## Data provided
BEGIN

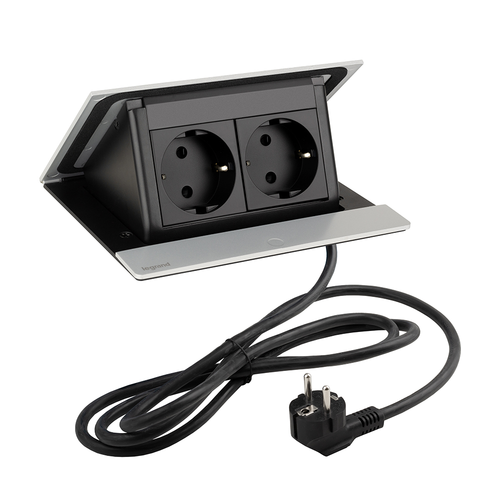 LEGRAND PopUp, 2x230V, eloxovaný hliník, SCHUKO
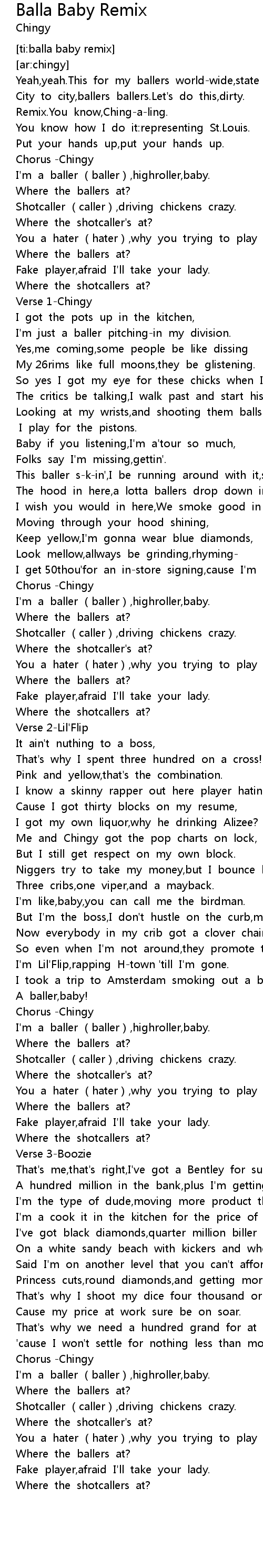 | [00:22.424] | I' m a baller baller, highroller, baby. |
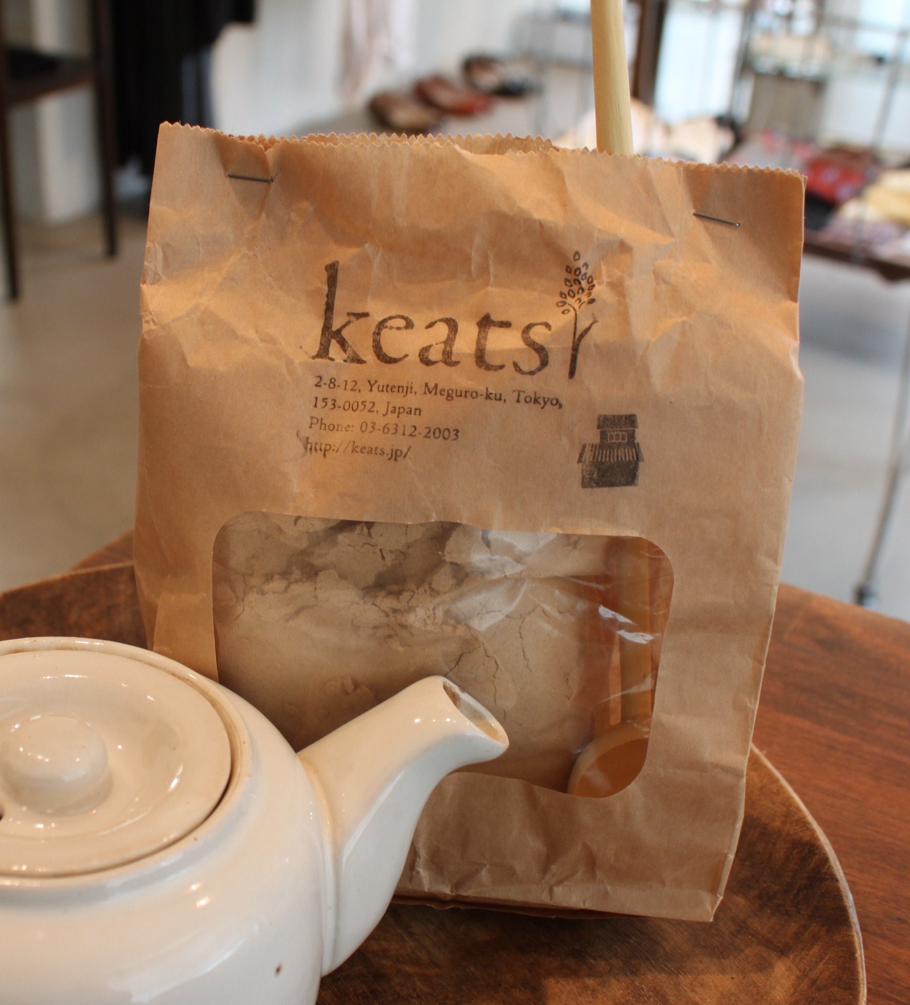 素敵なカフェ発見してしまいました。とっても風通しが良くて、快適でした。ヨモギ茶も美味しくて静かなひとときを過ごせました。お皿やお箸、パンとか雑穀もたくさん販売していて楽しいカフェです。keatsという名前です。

END

## Work to be completed
Drop the pictures, then repeat the material word for word.

## Task solution
 LEGRAND PopUp, 2x230V, eloxovaný hliník, SCHUKO
 | [00:22.424] | I' m a baller baller, highroller, baby. |
 素敵なカフェ発見してしまいました。とっても風通しが良くて、快適でした。ヨモギ茶も美味しくて静かなひとときを過ごせました。お皿やお箸、パンとか雑穀もたくさん販売していて楽しいカフェです。keatsという名前です。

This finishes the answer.